OK, I’m fudging this a bit, because some of these photos were taken from Day 11. We got into Seward in the late afternoon after having fished all day in the semi-rain on the Russian River, and we were really ready to be cozy and dry. You drive into Seward from the North, and we were distressed that to get to our bed and breakfast we had to drive through town and south, onto a rough road, past a trailer park and an abandoned railcar. How far do we have to go? We were cold and wet. But the Paddle Inn was adorable, and the room was my favorite of all the places we stayed in Alaska. “Inn” is a big stretch: There are two rooms: High Tide and Low Tide. The owners live in a house next door.
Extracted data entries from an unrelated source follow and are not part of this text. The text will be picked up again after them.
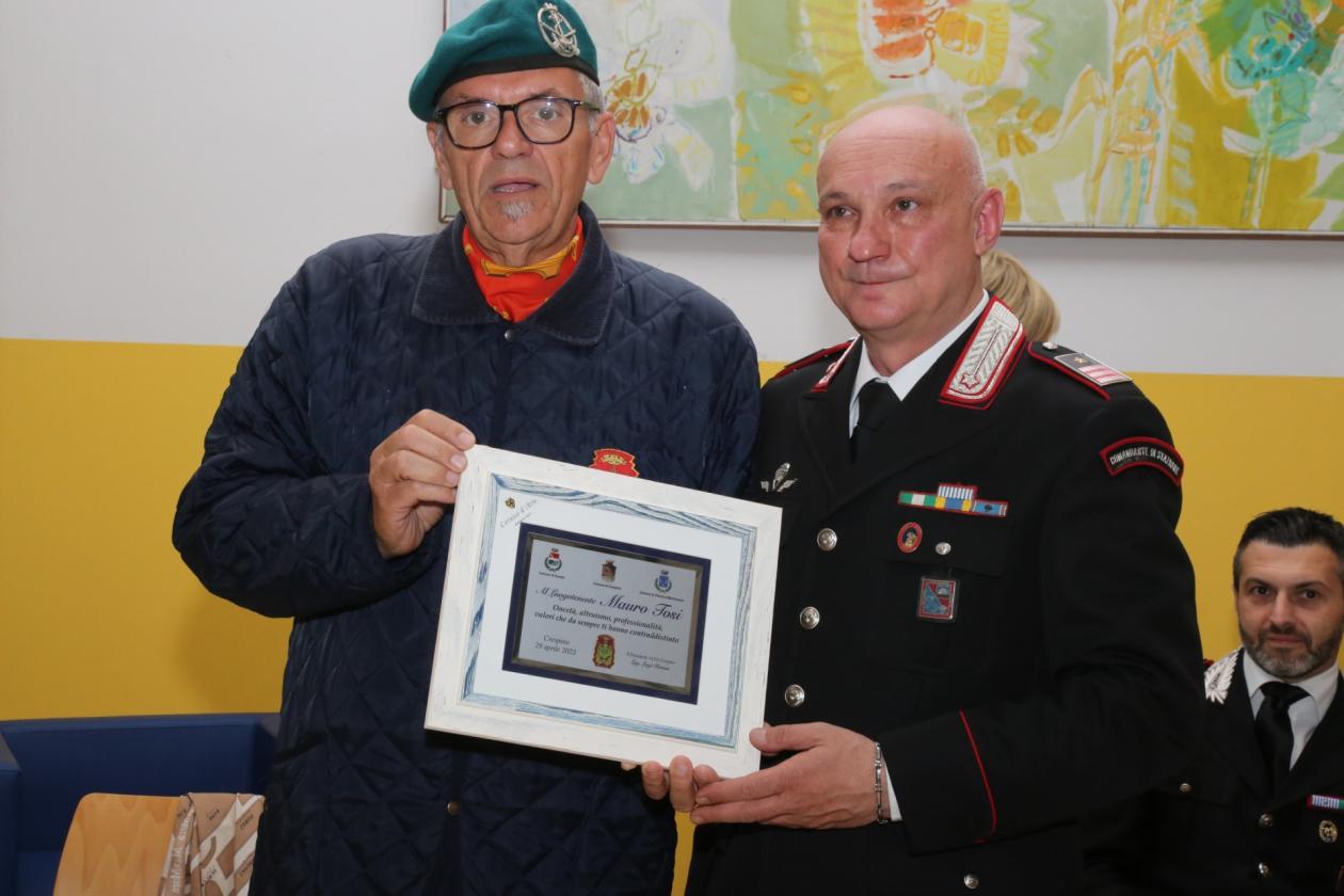 Che sono tutto quello che un carabiniere dovrebbe essere e tutto quello che un cittadino vuole che sia un carabiniere. Questo è quello che è Mauro Tosi, per 23 anni comandante della stazione carabinieri di Crespino, grado luogotenente - che è il massimo raggiungibile per un sottufficiale - ma per tutti il maresciallo, che alla fine è quella la parola magica, che vuole dire che sei l'autorità del paese e che il paese ti vuole bene.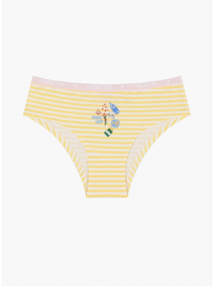 Женские хлопковые трусы-танга в полоску хорошо поглощают влагу и пропускают воздух к телу. Благодаря мягкой резинке трусы идеально сидят на талии и не вызывают дискомфорта. Украшением изделия является разноцветный принт. Средняя посадка делает эти трусы универсальными и подходящими для повседневного использования.Состав 95% Хлопок, 5% Эластан.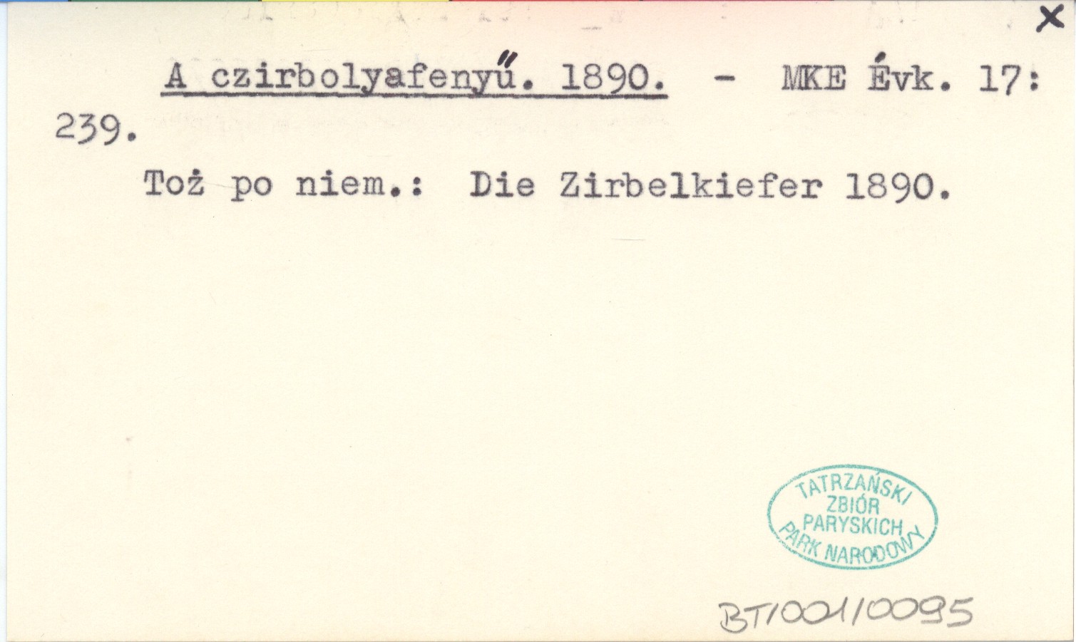 Magyarországi Kárpátegyesület Évkönyve, 17: 239. Toż po niem. Die Zirbelkiefer 1890.

I would have been content to stay here for a couple of nights and explore the Kenai Peninsula and Resurrection Bay, but this was our last night in Alaska.
The interesting thing about that Paddle Inn was that it looked handmade. Perhaps the owners had built it themselves? I wish we had had time to ask about it. But whoever made it did it right, and we enjoyed the huge picture window overlooking Resurrection Bay, the gas fireplace, the big bed, and the large tile shower. We took hot showers and warmed up by the fire, then went into town for dinner. Here is the town of Seward – reminiscent of a ski town, but on the water:
We ate dinner at a seafood restaurant on the harbor. Seward has one of the prettiest harbors I’ve seen, with mountains jutting up on the other side of the bay. It’s less pretty when there’s a giant cruise ship in dock – I’ve come to think of these big boats as the scourge of Alaska. Here is my not-very-good panorama of the harbor minus cruise ship:
After a good seafood dinner we watched the spectacle on the dock, where the day’s catch is cut up:
Then back to our cozy room as dusk settled over Resurrection Bay at about 10 p.m.
The next day was our last in Alaska. We had no particular plans but thought we would hike somewhere. It was raining, however, and we just couldn’t bear to get wet again, because whatever we were wearing would stay on us through the red-eye back to the East Coast. So we opted just to drive around.
First stop was Exit Glacier. Love this sign from the Visitors’ Center, which was dead serious:
Exit Glacier is receding rapidly; there are paths in front of it that show the somewhat slow receding for a hundred years (since they started measuring) then the really rapid retreat more recently.
Our plan was to drive slowly back toward Anchorage. Riding shotgun with all the guidebooks out, I decided we should detour to Hope, Alaska. I’m glad we did. This little spot was certainly off the beaten path. Here are some photos from Hope:
This is a lousy picture, but it’s the only one I have from inside the town’s only eating and drinking establishment, where we ate some fine shrimp and Dave had a good beer.
Next we drove back toward Turnagain Arm. Thirty-six hours earlier we had done this famous drive in the dark, rain, and fog and couldn’t appreciate the scenic views. Maybe we would even see the famous Bore Tide if we timed it right! This is Turnagain Arm from near Hope:
The tides across the mud flats are dramatic, and the Bore Tide, if you catch it, is apparently the tide coming in in one big wave. The tide tables showed that if we timed it right we might see a moderately good Bore Tide.
It was not to be. Perhaps it was a mysterious plan to start easing us back into real life. Things just started going wrong. I started getting text messages: Our 8 pm flight from Anchorage would be departing 10 minutes late. 15. 45. An hour and a half. Pretty soon it was clear that we would miss our connection in Chicago. The whole point of the redeye was that Dave needed to be home in time for an important call at mid-day the next day. Now that was in jeopardy. Meanwhile, our son called, about as distraught as he ever gets. The 800 photos he had taken while hiking in Yosemite the week before were no longer appearing on his computer, and he had already deleted them from his camera. He was too hysterical to be reasoned with.
Suffice it to say, we did not enjoy the views at Turnagain Arm. I wanted to stop at the ski area, Alyeska, and check it out, but Dave was too worried about our flight. So we headed straight to the airport. Eventually things were straightened out. Our son found his photos with help from Apple Support, and we caught a just slightly later flight out of Chicago. It was a less-than -reat way to end a fabulous trip. But that’s the thing about traveling – things sometimes go wrong. Very little went wrong on this trip, and those last few stressful hours don’t mar any of my memories.